Wednesday, September 27, 2006

Key Largo (1948)

Terrific noir-inflected drama with Humphrey Bogart's ex-major and Edward G. Robinson's refugee mobster caught in a push-pull standoff when they and several others hole up in a hotel during a hurricane. Director John Huston uses this setting and tense situation to examine the meaning of cowardice, with Bogart as the smart-talking military man torn between self-preservation and what he knows is right and Edward G. as the snarling thug who uses his words like he uses his guns. (In this vein, the film's best moment is when Bogart, taunting a visibly nervous Robinson, tells him to intimidate the hurricane by shooting at it.) What impresses most, though, is that the cowardice stuff is all subtext -- it's possible to ignore all that and still have a good time grooving on the crackling action and the sharp dialogue. It's man at his manliest!
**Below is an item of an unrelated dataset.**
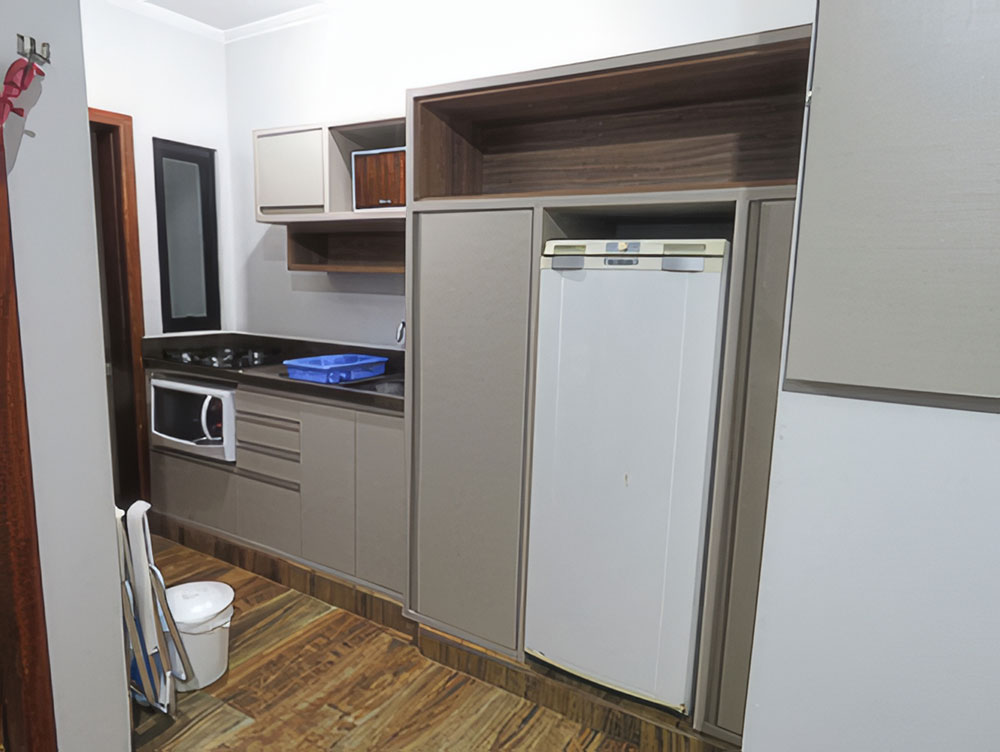 Quarto com cama de casal; não fornecemos roupa de cama mesa e banho.

I do wonder, though, between this and Fat City what Huston's thing for blowsy, overplayed drunken harridans is. (Not to say Claire Trevor isn't fine in her role -- she is, and she has a number of interesting bits, most notably the scene where she literally tries to sing for her supper -- but I just wonder wherefore the attraction.) Also, it seems not only appropriate but inexorable that Huston would have Bogart's character drawn to the hotel in part by events that took place at the Battle of San Pietro, no?